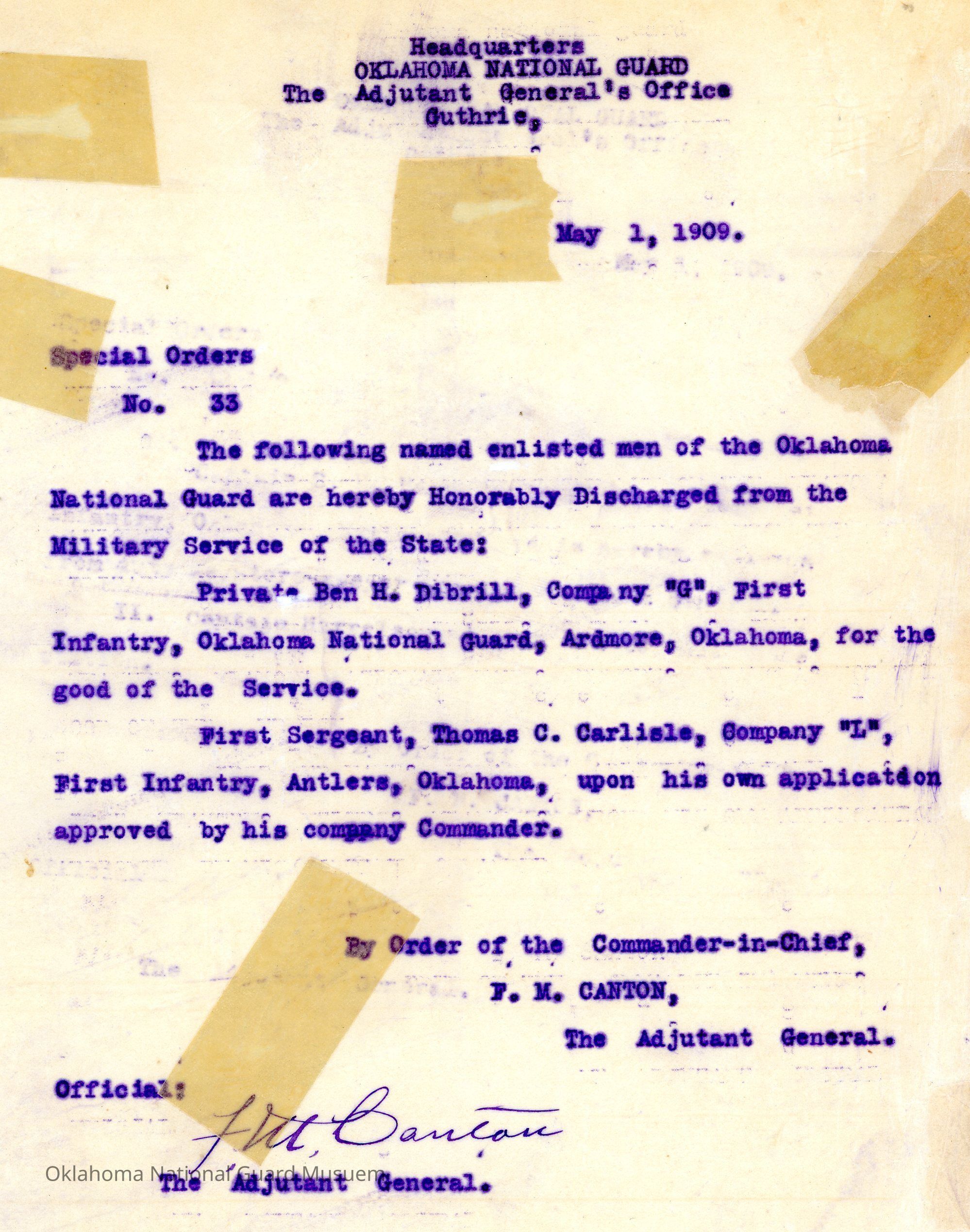 Adjutant General, Guthrie, Frank Canton, Charles Haskell, First Infantry, Honorable discharges, Ben H. Dibrill, Ardmore, Thomas C. Carlisle, Antlers
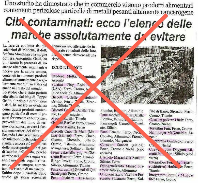 Dopo avere posto l’accento sul rischio di cancro causato dalle microparticelle di questi metalli, arriva la lista dei prodotti e delle marche famose coinvolte, e qui l’articolo diventa una vera farsa. L’elemento vincente della bufala è l’abbinamento tra un noto professore universitario Stefano Montanari, Beppe Grillo e le nanoparticelle che cominciano ad essere utilizzate nel mondo alimentare. Queste storie inventate generano nei lettori la cultura del sospetto, gettando discredito su marchi di prodotti alimentari famosi che ognuno ha nella dispensa o nel frigorifero. Il sistema funziona: da anni circolano in rete bufale e volantini allarmistici e c’è sempre qualcuno che ci crede.
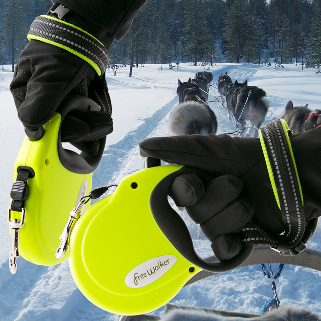 手袋をつけたまま伸縮リード用ストラップ Lを使用することができます!
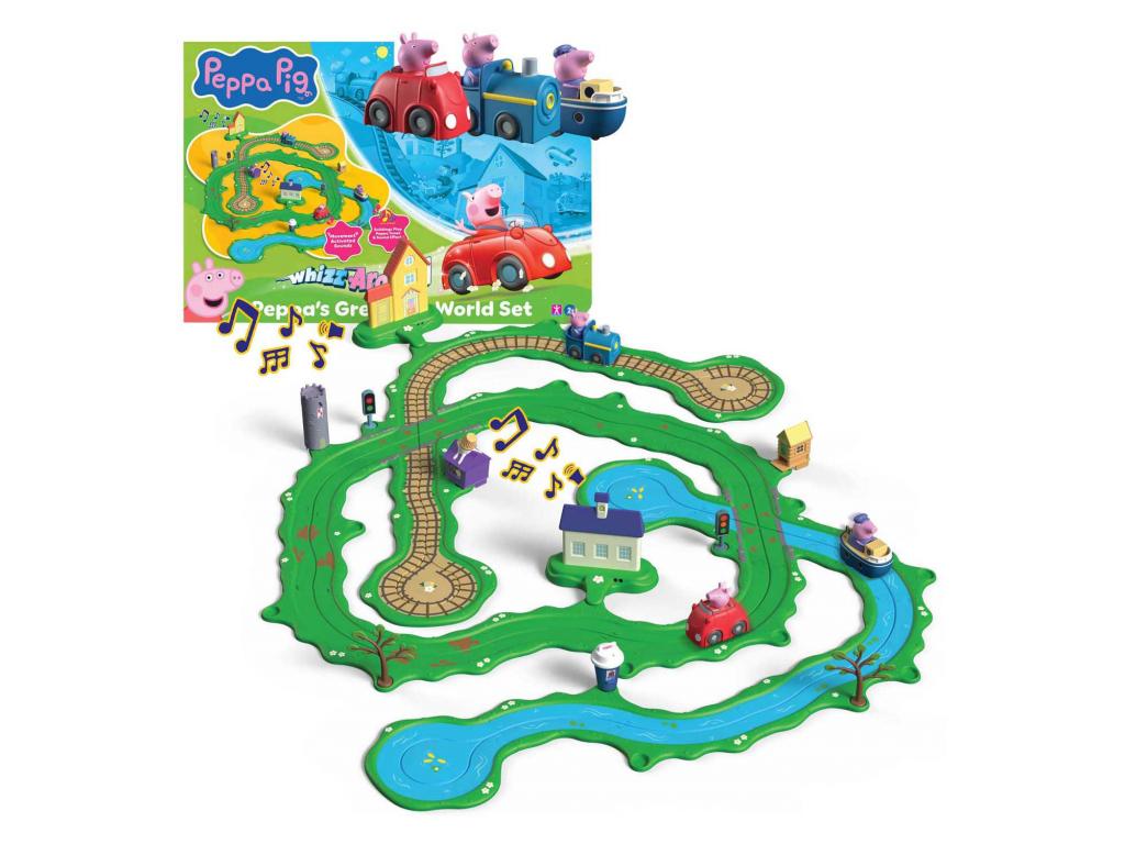 Ez a készlet tökéletesen kombinálható más Peppa Malac Whizz Around játékkészletekkel és az 5 járművel (külön kapható). Így egyre nagyobb világ jön létre, tele kalandokkal, barátsággal és szórakozással. Ez az ideális játékkészlet a fiatal Peppa-rajongók számára: interaktív, vidám és tele a sorozatból ismert elemekkel. 2 éves kortól alkalmas.

DESCRIPTION OF THE TASK: Leave out any pictures and return exactly the lines from the beginning of the data through the line with "手袋をつけたまま伸縮リード用ストラップ Lを使用することができます!", inclusive.

TASK RESPONSE:
 Adjutant General, Guthrie, Frank Canton, Charles Haskell, First Infantry, Honorable discharges, Ben H. Dibrill, Ardmore, Thomas C. Carlisle, Antlers
 Dopo avere posto l’accento sul rischio di cancro causato dalle microparticelle di questi metalli, arriva la lista dei prodotti e delle marche famose coinvolte, e qui l’articolo diventa una vera farsa. L’elemento vincente della bufala è l’abbinamento tra un noto professore universitario Stefano Montanari, Beppe Grillo e le nanoparticelle che cominciano ad essere utilizzate nel mondo alimentare. Queste storie inventate generano nei lettori la cultura del sospetto, gettando discredito su marchi di prodotti alimentari famosi che ognuno ha nella dispensa o nel frigorifero. Il sistema funziona: da anni circolano in rete bufale e volantini allarmistici e c’è sempre qualcuno che ci crede.
 手袋をつけたまま伸縮リード用ストラップ Lを使用することができます!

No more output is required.